Closed Cumberbatch08 closed 4 years ago
Hi @Cumberbatch08 sadly the USE papers (at least the ones I know) are extremely high-level, not going really into the details. So it is unclear which architecture they exactly used and how the training was done (exact datasets, exact loss function etc.)
Differences:
USE and SBERT both use transformer networks. For USE, it is sadly not clear how many layers they use (most technical details are not provided). USE was trained from scratch (as far as I can tell from the paper), while SBERT uses the BERT / RoBERTa pre-trained wights and just fine-tunes them to produce sentence embeddings.
I think the main difference is in the pre-training. USE uses a wide variety of data sets (exact details not provided), specifically target for generating sentence embeddings. BERT was pre-trained on a book corpus and on Wikipedia for producing a language model (see the BERT paper). SBERT than fine-tunes BERT to produce sensible sentence embeddings.

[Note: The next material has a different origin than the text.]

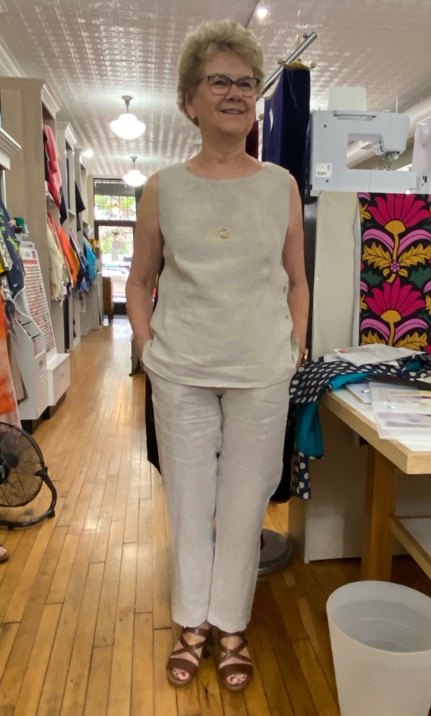 Another TNT pattern. I have made construction changes – the fly is eliminated and I use a one piece waistband – I am now able to sew them up in just a couple of hours.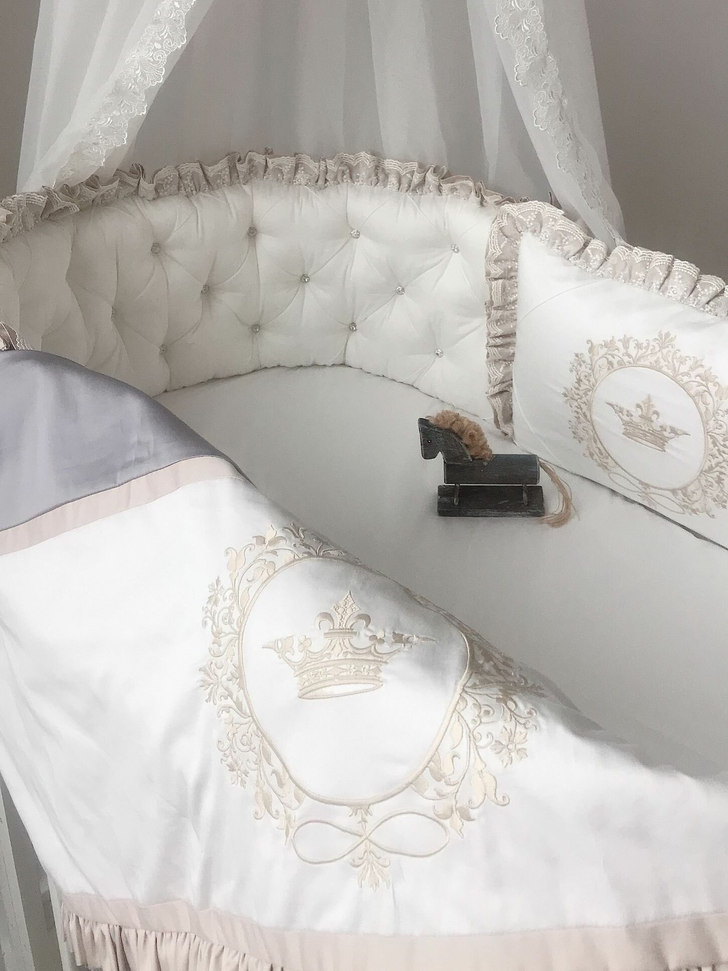 Бортики в кроватку для новорожденных "Роскошь", в кроватку для новорожденных 120*60 см или в овальную 125*75 см, сатин и тенсель 12 103 ₽

USE is in TensorFlow and tuning for your use-case is not straightforward (source code not available, you only get the compiled model from tensorflow-hub). SBERT is based on pytorch and the goal of this repository is, that fine-tuning for your use-case is as simple as possible.
haha, yes, absolutely agreed what you said. The USE don't public much more details, such as the layers, dataset, loss etc. I get some information about the architecture: Just as you said, maybe the pretraining is important.
what would be best USE (https://tfhub.dev/google/universal-sentence-encoder/4) or SBERT models (https://huggingface.co/sentence-transformers) for good semantic search results ?
@Gurutva SBERT works much better: https://arxiv.org/pdf/2104.08663v1.pdf
First, many thanks to your paper and code. But I read the universal sentence encoder(USE) paper, the architecture is like simaese network, they also used the SNLI dataset. But your result is well performed. So I'm very interested in your work.